WHAT YOU HAVE TO DO.
Exactly as written, output the lines below starting from the first and ending with the line that contains "Es beginnt wie"; omit pictures.
*** DATA LISTING Section Begins ***
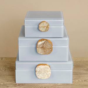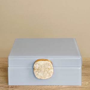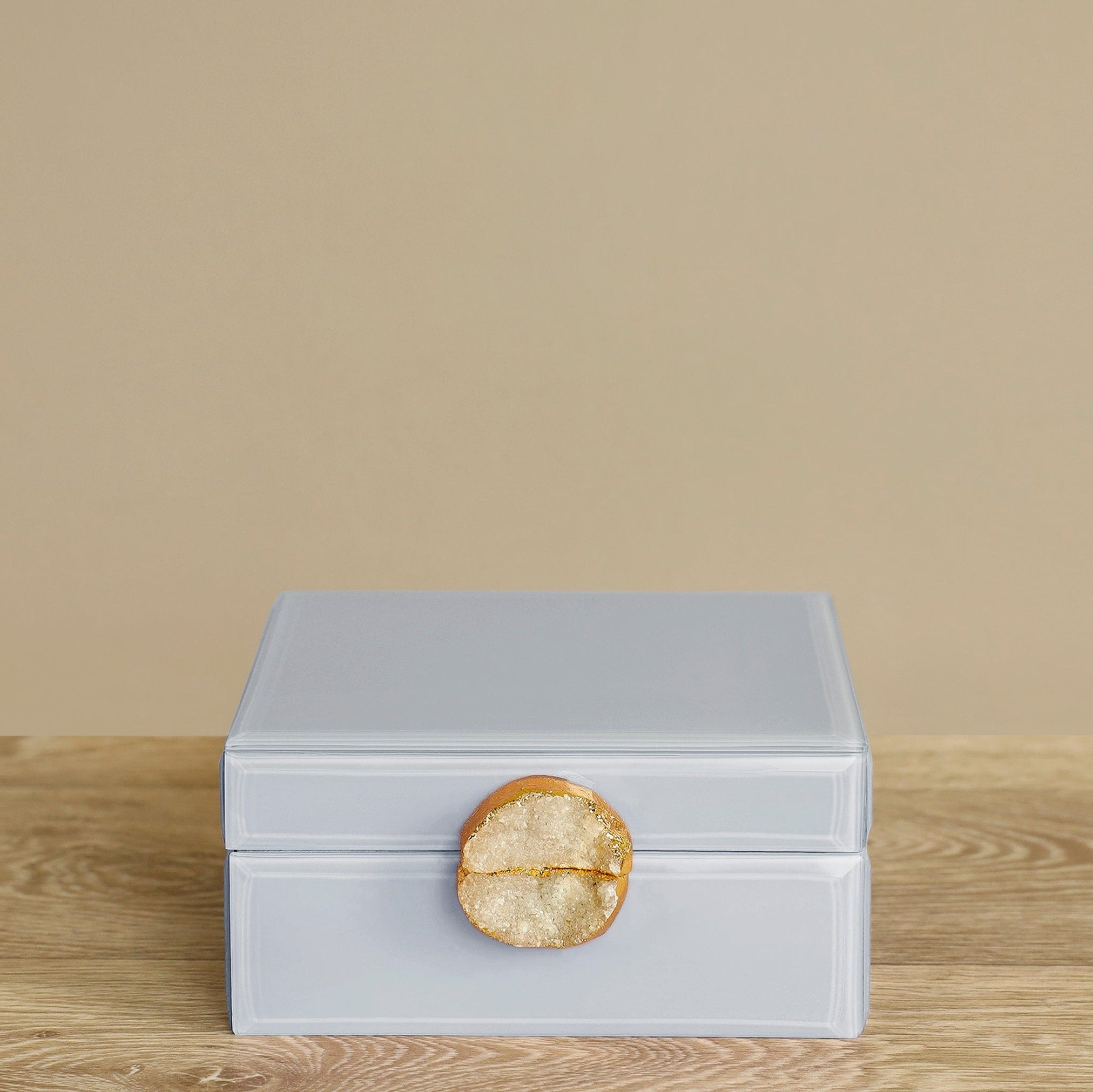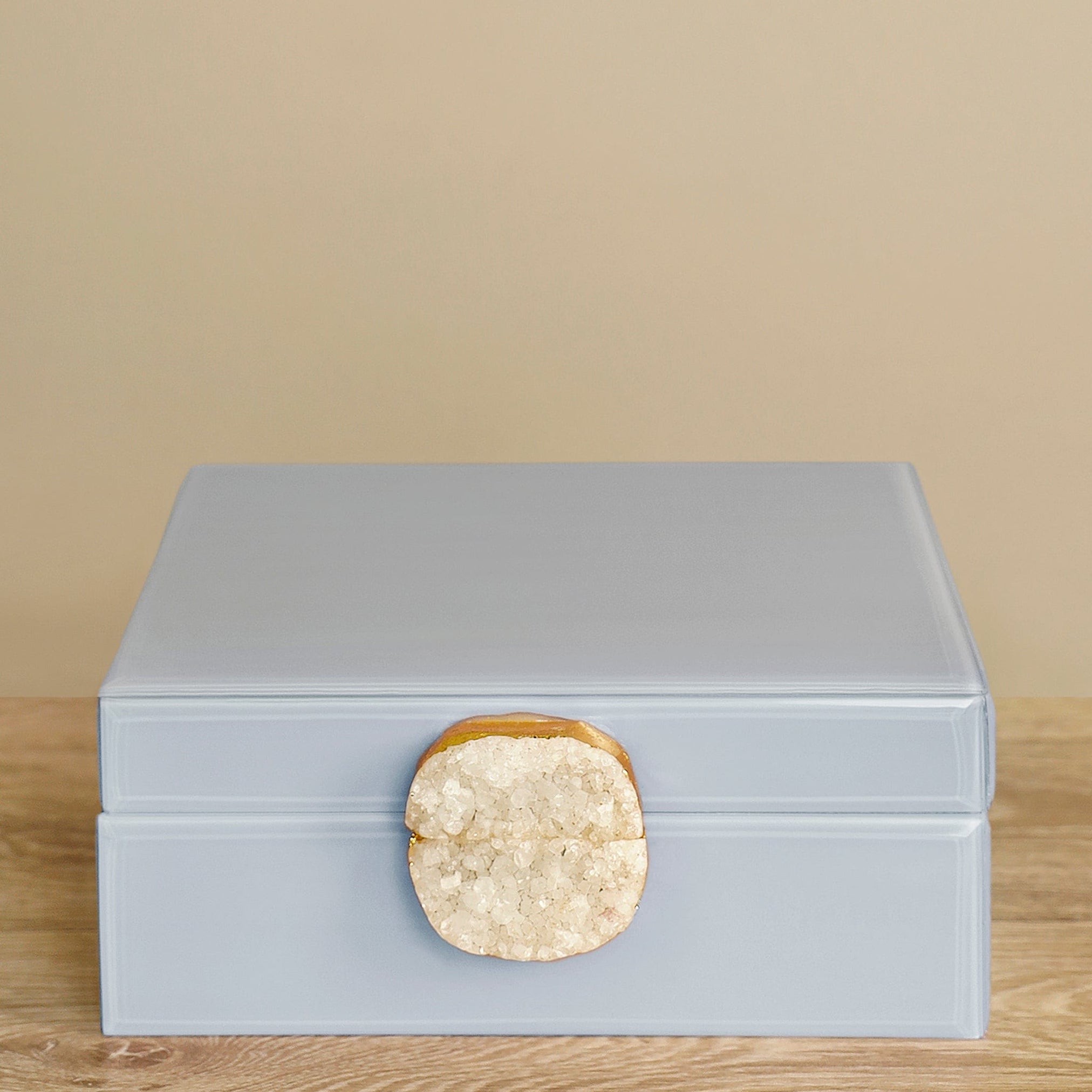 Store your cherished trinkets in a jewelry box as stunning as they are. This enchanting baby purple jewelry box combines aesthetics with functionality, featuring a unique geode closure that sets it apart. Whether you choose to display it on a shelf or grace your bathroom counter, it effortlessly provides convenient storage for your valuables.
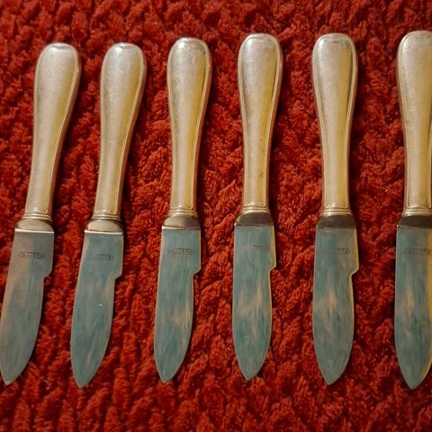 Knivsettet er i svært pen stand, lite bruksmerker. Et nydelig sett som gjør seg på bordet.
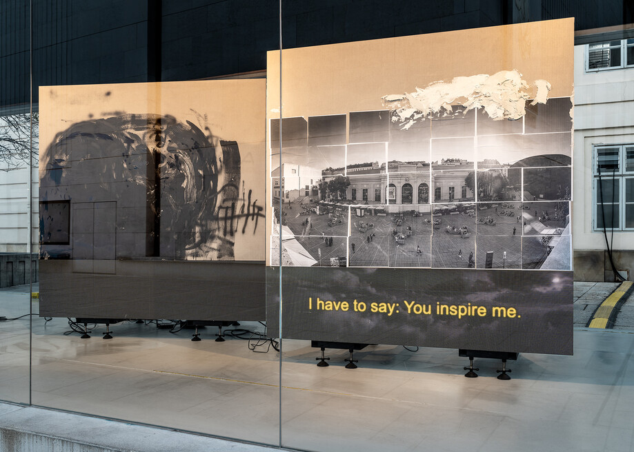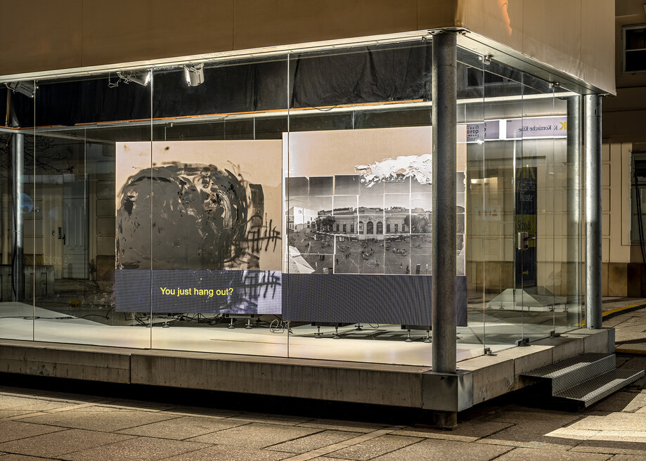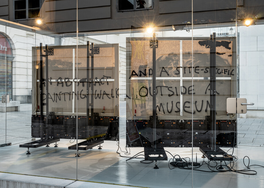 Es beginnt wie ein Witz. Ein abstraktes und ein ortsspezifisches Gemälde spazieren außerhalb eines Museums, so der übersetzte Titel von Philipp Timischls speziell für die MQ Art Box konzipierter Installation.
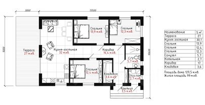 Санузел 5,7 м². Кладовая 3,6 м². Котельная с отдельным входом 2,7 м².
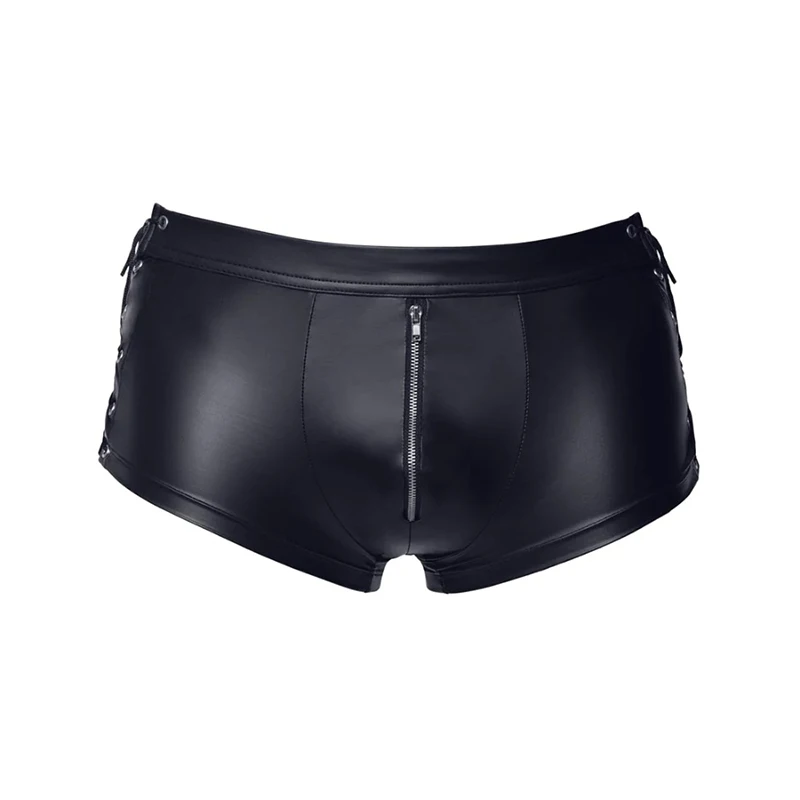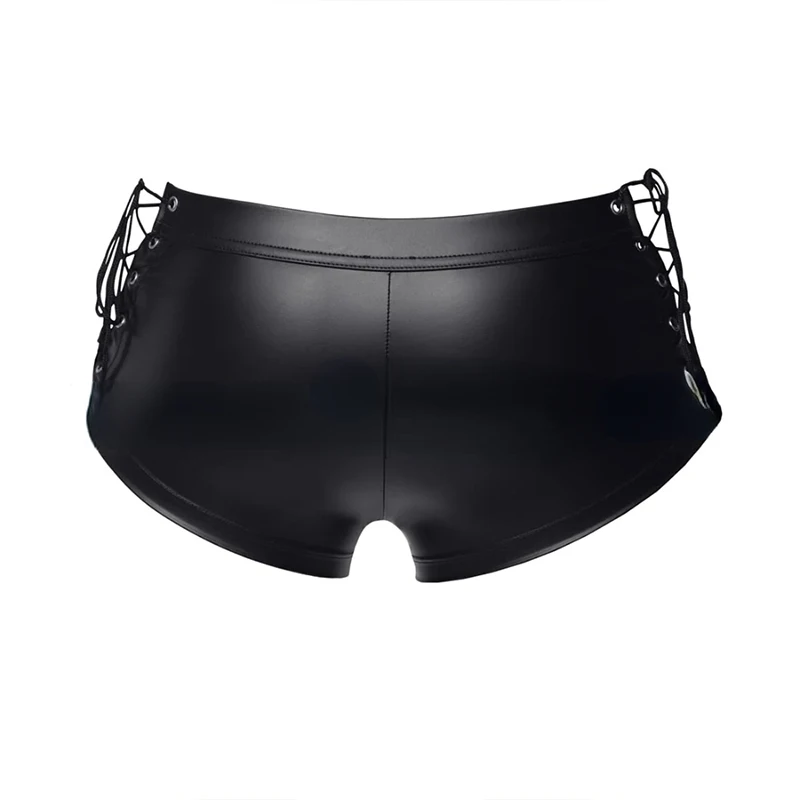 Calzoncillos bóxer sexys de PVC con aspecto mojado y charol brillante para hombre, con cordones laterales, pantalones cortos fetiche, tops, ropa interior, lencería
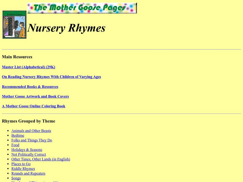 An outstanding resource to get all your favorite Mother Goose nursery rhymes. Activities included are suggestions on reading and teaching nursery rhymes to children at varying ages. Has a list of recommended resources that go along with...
*** DATA LISTING Section Ends ***
ANSWER AREA.
 Store your cherished trinkets in a jewelry box as stunning as they are. This enchanting baby purple jewelry box combines aesthetics with functionality, featuring a unique geode closure that sets it apart. Whether you choose to display it on a shelf or grace your bathroom counter, it effortlessly provides convenient storage for your valuables.
 Knivsettet er i svært pen stand, lite bruksmerker. Et nydelig sett som gjør seg på bordet.
 Es beginnt wie ein Witz. Ein abstraktes und ein ortsspezifisches Gemälde spazieren außerhalb eines Museums, so der übersetzte Titel von Philipp Timischls speziell für die MQ Art Box konzipierter Installation.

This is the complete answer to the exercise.